Strait of Hormuz transit odds rise as ship counts double
· flowframe Pulse
Polymarket traders are betting on a controlled thaw in the Persian Gulf as traffic through the Strait of Hormuz edges toward the 60-call threshold. The market is now pricing roughly a 51% chance of normalization by July 31. It's a modest move, rising from 48¢ to 51¢ on $0.6M in volume. This follows a May 20 report from Lloyd's List showing 54 ships transited the waterway between May 11 and 17. That's double the previous week.

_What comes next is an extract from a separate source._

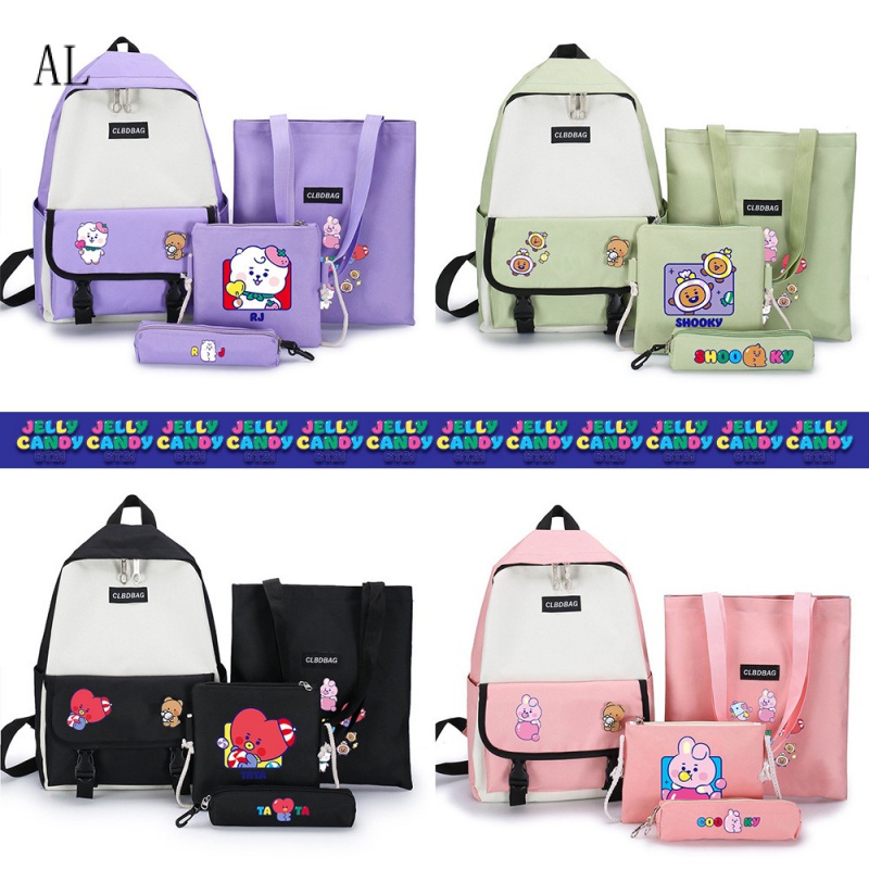BTS BT21 Mochila De Dibujos Animados Conjunto De 4 Piezas De Lona

While the U.S. Navy still intercepts vessels like the M/T Celestial Sea, the IRGC claims its new authority is coordinating dozens of daily transits. Iran's using a fragile ceasefire to cement a permit regime that turns an international chokepoint into a sovereign toll road.
A three-cent move might look like a drift, but it signals growing confidence that Iran's permit system is actually moving hulls. The market doesn’t care about the legality of the new authority. It only cares about the count. If the IRGC keeps pushing 31 vessels through every 24 hours as they claimed on May 21, the IMF Portwatch moving average will hit the 60-vessel target weeks ahead of the July deadline. Watch the next IMF Portwatch data release on May 28 to see if the recent jump in tanker activity survives the friction of the ongoing U.S. naval blockade.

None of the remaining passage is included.